(The data)

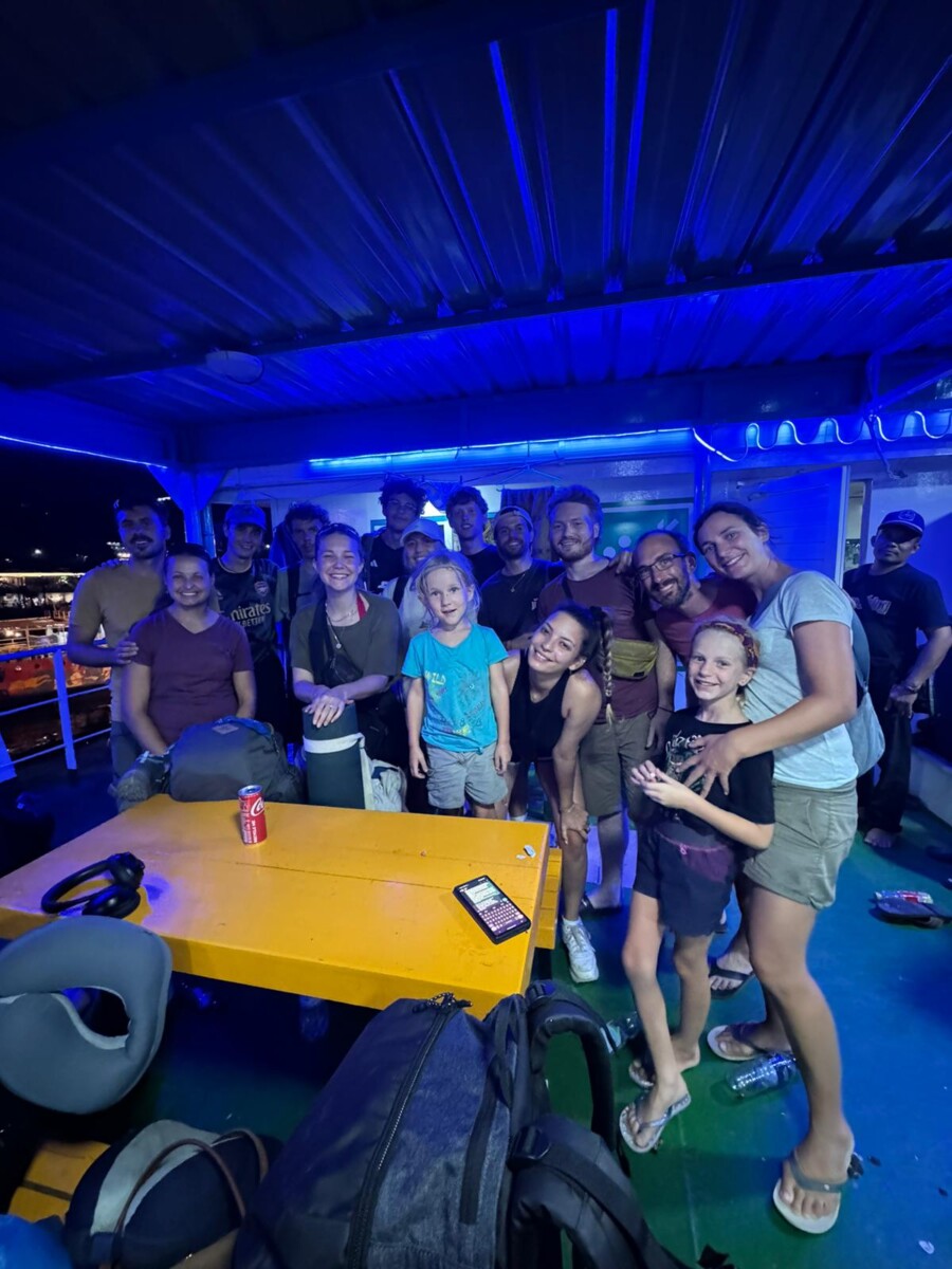 Irgendwann dann sah man Lichter auf dem Meer, und es kam ein kleines Beiboot, mit dem dann die ersten Willigen rausgebracht wurden. Sie übertrugen dann mit WhatsApp ein Live-Video vom Schiff, das sich als ziemlich klein für so viele Leute herausstellte. Die meisten hatten einen Schlafplatz an Deck gebucht, da es das billigste war. Das stellte sich als beengtes Matratzenlager heraus, aber für drei Nächte halbwegs aushaltbar. Richtig mies waren die “Privatzimmer”, welches auch wir gebucht hatten. Winzig klein, stickig und sehr laut, da direkt neben dem Maschinenraum.
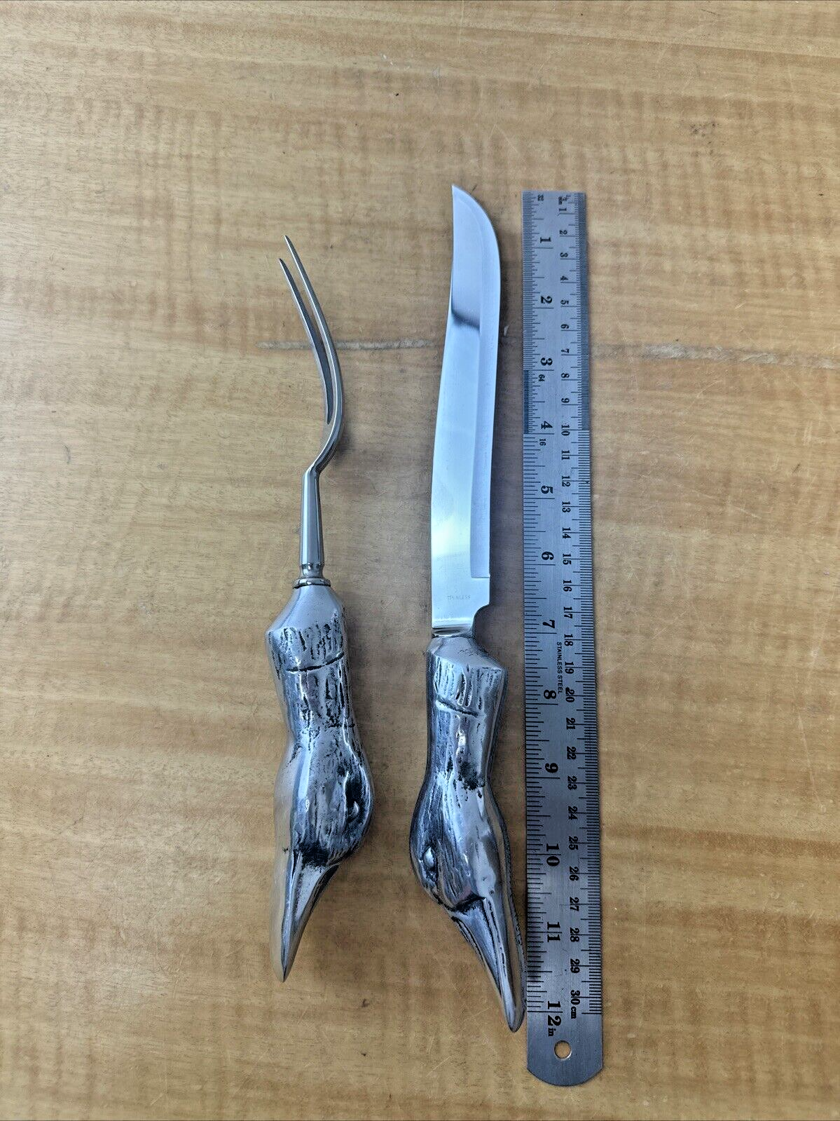 Vintage 2 Piece Carving Set Knife & Fork RWP Wilton Pewter Duck Head Handles
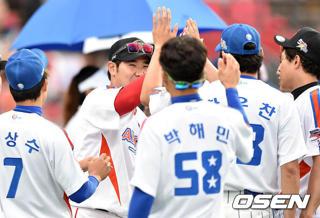 18일 오후 광주 광주-기아 챔피언스 필드에서 열리는 '2014 한국야쿠르트 세븐 프로야구 올스타전'에 앞서 이재원이 홈런왕 대회를 마치고 동료들과 환호하고 있다.
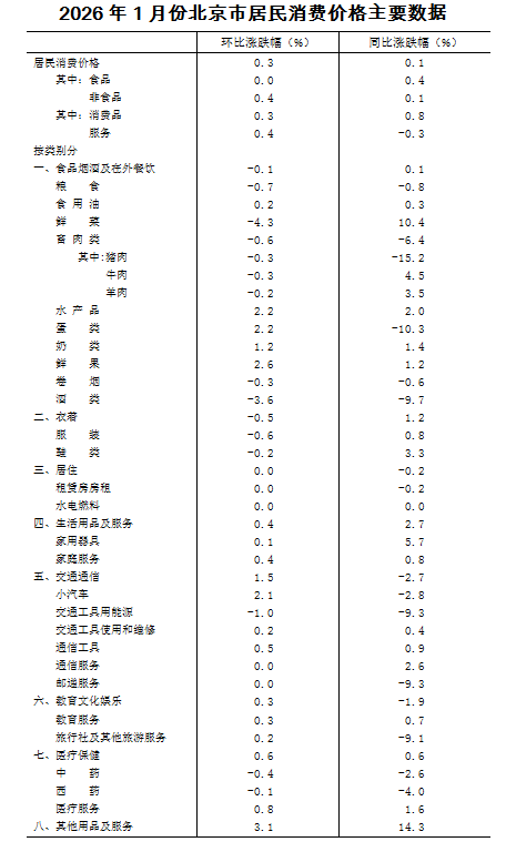 2026年1月份,北京居民消费价格环比上涨0.3%。其中,食品价格持平,非食品价格上涨0.4%;消费品价格上涨0.3%,服务价格上涨0.4%。
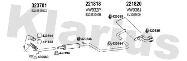 AUDI A3 (8V1, 8VK) 1.4 TFSI - Výfukový systém - kompletní od 5/2014 do 8/2016, 1395 ccm, 92 kW, 125 hp, CXSB, CZCA, Šikmá zadní část
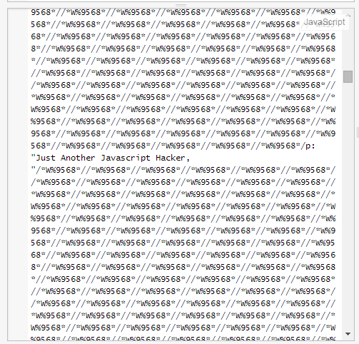 It's a lot of gibberish in comments, remove those lines:console.log("Just Another JavaScript Hacker");
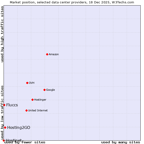 TechnologiesContent ManagementServer-side Languages Client-side Languages JavaScript Libraries CSS Frameworks Web Servers Web Panels Operating Systems Web Hosting Data Centers Reverse Proxies DNS Servers Email Servers SSL Certificate Authorities Content Delivery Traffic Analysis Tools Advertising Networks Tag Managers Social Widgets Site Elements Structured Data Markup Languages Character Encodings Image File Formats Top Level Domains Server Locations Content Languages | Technologies > Data Centers > Technology usage comparison Comparison of the usage statistics of Hosting2GO vs. Fluccs vs. Hostinet for websitesThis report shows the usage statistics of Hosting2GO vs. Fluccs vs. Hostinet as data center provider on the web. See technologies overview for explanations on the methodologies used in the surveys. Our reports are updated daily. UsageThis diagram shows the percentages of websites using the selected technologies. How to read the diagram:
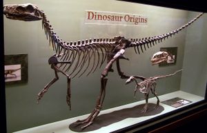 انشقت الديناصورات عن أسلافها من الأركوصورات منذ حوالي 230 مليون سنة، أي منذ أواسط حتى أواخر العصر الثلاثي، وبهذا فإنها تكون قد ظهرت بعد 20 مليون سنة من حادثة انقراض العصر البرمي-الثلاثي، التي قضت على ما يقرب من 95% من أشكال الحياة على الأرض،[27][28] وقد دعمت الدراسات الإشعاعية لتحديد عمر طبقات الصخور التي حوت المستحثات الخاصة بجنس الديناصور الفجري أيورابتور، وهو أحد أكثر أجناس الديناصورات بدائيةً، دعمت هذه النظرية سالفة الذكر.[29] يقول علماء الأحياء القديمة أن الأيورابتور يشابه السلف المشترك لكل الديناصورات؛ وإن ثبتت صحة هذه النظرية فإن هذا يفيد بأن الديناصورات البدائية كانت مفترسات صغيرة الحجم ذات قائمتين.[30] أظهرت بعض الاكتشافات لديناصورات طيرية العنق في طبقات العصر الثلاثي بالأرجنتين أن هذه الحيوانات كانت بالفعل مفترسات صغيرة ذات قائمتين، الأمر الذي يدعم النظرية سالفة الذكر.

(Work to be completed)
In the copy, include every line of the entries above exactly and none of the pictures.

(Task output)
 Irgendwann dann sah man Lichter auf dem Meer, und es kam ein kleines Beiboot, mit dem dann die ersten Willigen rausgebracht wurden. Sie übertrugen dann mit WhatsApp ein Live-Video vom Schiff, das sich als ziemlich klein für so viele Leute herausstellte. Die meisten hatten einen Schlafplatz an Deck gebucht, da es das billigste war. Das stellte sich als beengtes Matratzenlager heraus, aber für drei Nächte halbwegs aushaltbar. Richtig mies waren die “Privatzimmer”, welches auch wir gebucht hatten. Winzig klein, stickig und sehr laut, da direkt neben dem Maschinenraum.
 Vintage 2 Piece Carving Set Knife & Fork RWP Wilton Pewter Duck Head Handles
 18일 오후 광주 광주-기아 챔피언스 필드에서 열리는 '2014 한국야쿠르트 세븐 프로야구 올스타전'에 앞서 이재원이 홈런왕 대회를 마치고 동료들과 환호하고 있다.
 2026年1月份,北京居民消费价格环比上涨0.3%。其中,食品价格持平,非食品价格上涨0.4%;消费品价格上涨0.3%,服务价格上涨0.4%。
 AUDI A3 (8V1, 8VK) 1.4 TFSI - Výfukový systém - kompletní od 5/2014 do 8/2016, 1395 ccm, 92 kW, 125 hp, CXSB, CZCA, Šikmá zadní část
 It's a lot of gibberish in comments, remove those lines:console.log("Just Another JavaScript Hacker");
 TechnologiesContent ManagementServer-side Languages Client-side Languages JavaScript Libraries CSS Frameworks Web Servers Web Panels Operating Systems Web Hosting Data Centers Reverse Proxies DNS Servers Email Servers SSL Certificate Authorities Content Delivery Traffic Analysis Tools Advertising Networks Tag Managers Social Widgets Site Elements Structured Data Markup Languages Character Encodings Image File Formats Top Level Domains Server Locations Content Languages | Technologies > Data Centers > Technology usage comparison Comparison of the usage statistics of Hosting2GO vs. Fluccs vs. Hostinet for websitesThis report shows the usage statistics of Hosting2GO vs. Fluccs vs. Hostinet as data center provider on the web. See technologies overview for explanations on the methodologies used in the surveys. Our reports are updated daily. UsageThis diagram shows the percentages of websites using the selected technologies. How to read the diagram:
 انشقت الديناصورات عن أسلافها من الأركوصورات منذ حوالي 230 مليون سنة، أي منذ أواسط حتى أواخر العصر الثلاثي، وبهذا فإنها تكون قد ظهرت بعد 20 مليون سنة من حادثة انقراض العصر البرمي-الثلاثي، التي قضت على ما يقرب من 95% من أشكال الحياة على الأرض،[27][28] وقد دعمت الدراسات الإشعاعية لتحديد عمر طبقات الصخور التي حوت المستحثات الخاصة بجنس الديناصور الفجري أيورابتور، وهو أحد أكثر أجناس الديناصورات بدائيةً، دعمت هذه النظرية سالفة الذكر.[29] يقول علماء الأحياء القديمة أن الأيورابتور يشابه السلف المشترك لكل الديناصورات؛ وإن ثبتت صحة هذه النظرية فإن هذا يفيد بأن الديناصورات البدائية كانت مفترسات صغيرة الحجم ذات قائمتين.[30] أظهرت بعض الاكتشافات لديناصورات طيرية العنق في طبقات العصر الثلاثي بالأرجنتين أن هذه الحيوانات كانت بالفعل مفترسات صغيرة ذات قائمتين، الأمر الذي يدعم النظرية سالفة الذكر.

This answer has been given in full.